I also think we want to include Penguin and Platypus, possibly other animals. Insects are probably more interesting than birds.

* agggregate
* add words 
* make sure these words can be used by the sampling algorith
* Suggestion for added words below - we can add more

In [11]:
# Wings
exp_group = 'experiment3'
name1 = 'antske'
name2 = 'pia'
prop = 'wings'

# check car brands - possibly exclude
# different words for airplane (possibly add after annotation)
concepts_to_include = ['kite', 'helicopter', 'airplane', 'zeppelin', 
                       'balloon', 'parachute', 'hovercraft',
                   'penguin', 'ostrich', 'chicken', 'emu', 'kiwi',
                   'platypus', 
                   'bee', 'dragonfly', 'ant', 'ladybird', 'butterfly']
print()
print(' '.join(concepts_to_include))
print()
data_annotated = analyze_annotations(exp_group, prop, name1, name2)

add_concepts(data_annotated, concepts_to_include, name1, name2)

aggregated_to_file(prop, data_annotated, exp_group)


kite helicopter airplane zeppelin balloon parachute hovercraft penguin ostrich chicken emu kiwi platypus bee dragonfly ant ladybird butterfly

../data_pair_filtering/annotated/experiment3/wings-antske.csv
../data_pair_filtering/annotated/experiment3/wings-pia.csv
Total number of concepts: 147
Total number included by both: 101
Total number excluded by one person: 27
Total number of agreements on exlcude: 19
Agreed on excluding:
procellariidae
strigidae
cotingidae
timaliidae
alaudidae
apodidae
laridae
fringillidae
muscicapa
caprimulgus
phalacrocorax
puffinus
calidris
motacilla
emberizidae
haliaeetus
charadrius
paridae
icteridae


## Get lexical data for additional concepts

(1) add concepts to feature_data/data/manually_included_after_centroid/properties_selected_run5.csv

(2) In feature_data: cd scripts_process_raw_data, run add_preselected_concepts_after_centroid_step.py [collection]

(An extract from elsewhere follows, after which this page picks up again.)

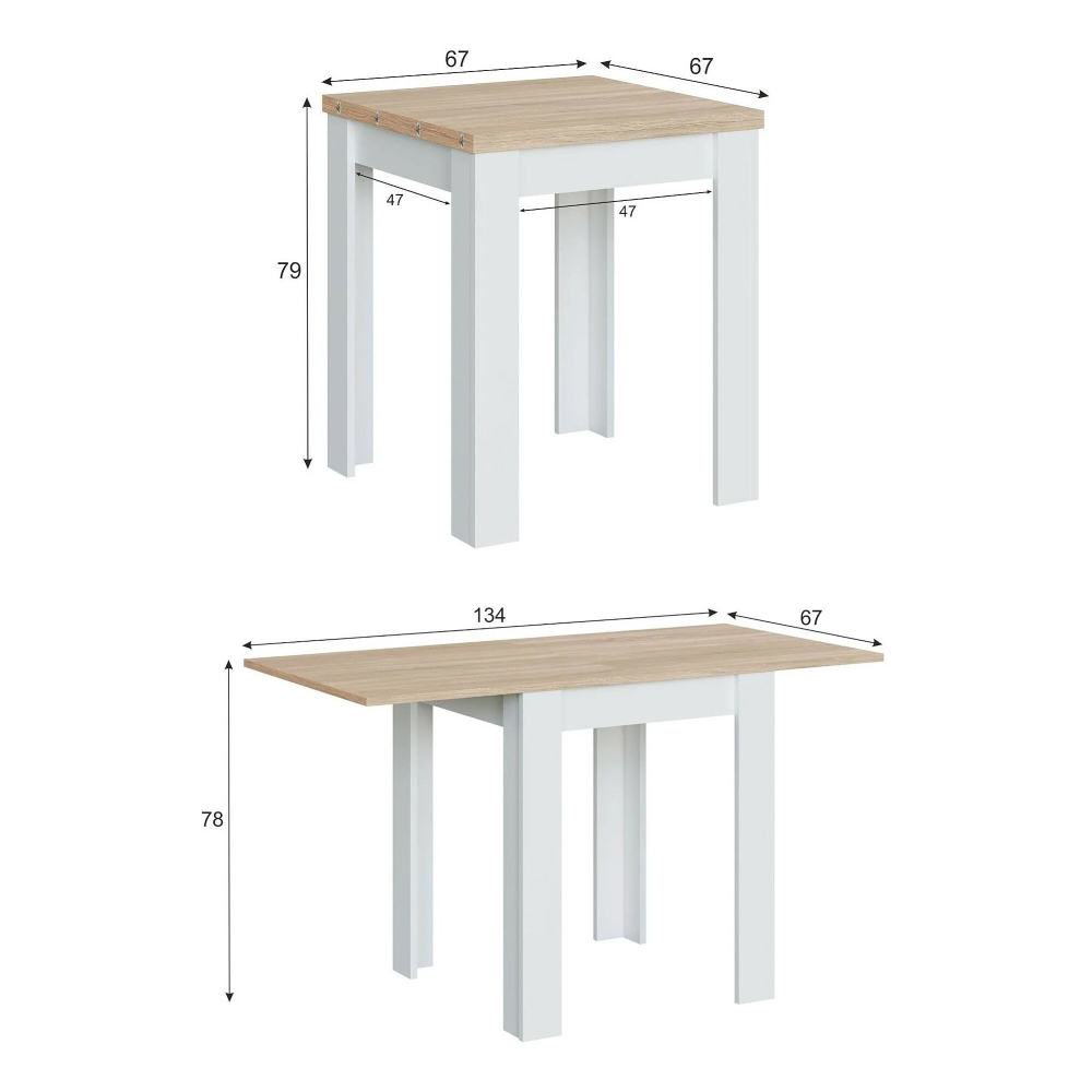 Os encaixes metálicos garantem uma fixação segura do tampo, oferecendo estabilidade e confiança durante a utilização. Fechada, ocupa o mínimo de espaço; aberta, transforma-se numa mesa espaçosa e funcional — ideal para cozinhas compactas ou ambientes versáteis.

(3) copy feature_data/data/concepts_additional_info_manual_run5_pilot to SPT_annotation/data_all_candidates/. 



## Merge new sets with already created question sets

In SPT_annotation: 

(1) run replace_excluded_concepts.py [property] [collection] [run] 

(2) run update_dataset.py [run] [prop] [run_new_label]  (use new label if you want to keep runs separate

(3) run create_questions.py [run_new_label] (you will have to copy the template file from the previous run and use the new run label)

(4) Merge old question file with new question file (make backups of both before)

In [13]:
# merge the question files

import csv

In [14]:
file_original = '../questions/run5_pilot-all-restricted_True.csv'
file_new = '../questions/run5_part2-all-restricted_True.csv'

# write original data to a new file:
file_original_backup = '../questions/run5_part1-all-restricted_True.csv'
with open(file_original) as infile:
    original = infile.read()
    
with open(file_original_backup, 'w') as outfile:
    outfile.write(original)

In [20]:
# load original data as dict_list

with open(file_original) as infile:
    dict_list_original = list(csv.DictReader(infile, delimiter = '\t'))
    
# load new file

with open(file_new) as infile:
    dict_list_new = list(csv.DictReader(infile, delimiter = '\t'))
    
print(len(dict_list_original), len(dict_list_new))

# add new to original
dict_list_original.extend(dict_list_new)
print(len(dict_list_original))

6666 5138
11804


In [21]:
# extended file to originl path

header = dict_list_original[0].keys()
with open(file_original, 'w') as outfile:
    writer = csv.DictWriter(outfile, fieldnames = header, delimiter = '\t')
    writer.writeheader()
    for d in dict_list_original:
        writer.writerow(d)